* Exercise *
Exact copy, pictures excluded: the lines from the one containing "在活动开始前,各队成员积极沟" to the end of the listing.

* Source material *
Segment Open

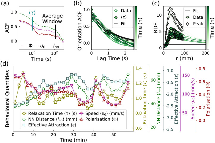 Fig 2 A: The auto–correlation function of the polarisation and average speed of the fish group. B: The auto–correlation function of the orientations of fish. C: Sequence of radial distribution functions with increasing time: at early times (top curves) the fish are clustered together so that the peak is large; at later times (bottom curves) the local density decreases and so does the peak height. D: The time evolution of the averaged behavioural quantities for 50 young fish. Each point corresponds to the average value in 2 minutes. The error bars illustrate the standard error values
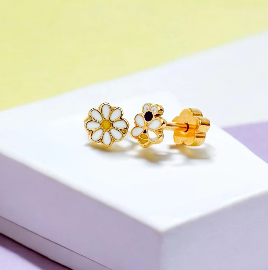 Bring a pop of style with our Tiny Stud Earrings - featuring the cutest complimentary set: a BEE & DAISY! Made with hypoallergenic stainless steel posts, this sweet collection will keep their little ears happy and stylish. Perfect for any occasion, these earrings will add a playful touch to their outfit. Buzzing with charm! Perfect for kids of all ages, including kids at heart!
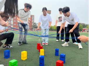 在活动开始前,各队成员积极沟通,交流想法。面对建塔过程中可能出现的问题,团队成员共同思考和探索解决方案。在裁判的一声“开始”令下,同学们保持冷静,眼神专注,合力操纵绳子,用钩子将盒块吊起来,并通过调适力度来控制钩子,慢慢将盒块运输至指定位置。有的队伍在即将完成建塔之际,最后一块盒子突然掉落,但依然稳住心态,毫不放弃,最终顺利完成建塔任务。
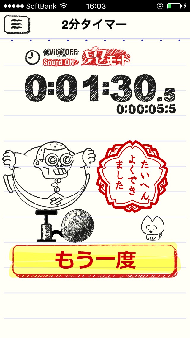 タイマーには、眼鏡をかけた男の子と、かわいい猫ちゃんのアニメーションが表示され、

Segment Closed

* Solution to this problem *
 在活动开始前,各队成员积极沟通,交流想法。面对建塔过程中可能出现的问题,团队成员共同思考和探索解决方案。在裁判的一声“开始”令下,同学们保持冷静,眼神专注,合力操纵绳子,用钩子将盒块吊起来,并通过调适力度来控制钩子,慢慢将盒块运输至指定位置。有的队伍在即将完成建塔之际,最后一块盒子突然掉落,但依然稳住心态,毫不放弃,最终顺利完成建塔任务。
 タイマーには、眼鏡をかけた男の子と、かわいい猫ちゃんのアニメーションが表示され、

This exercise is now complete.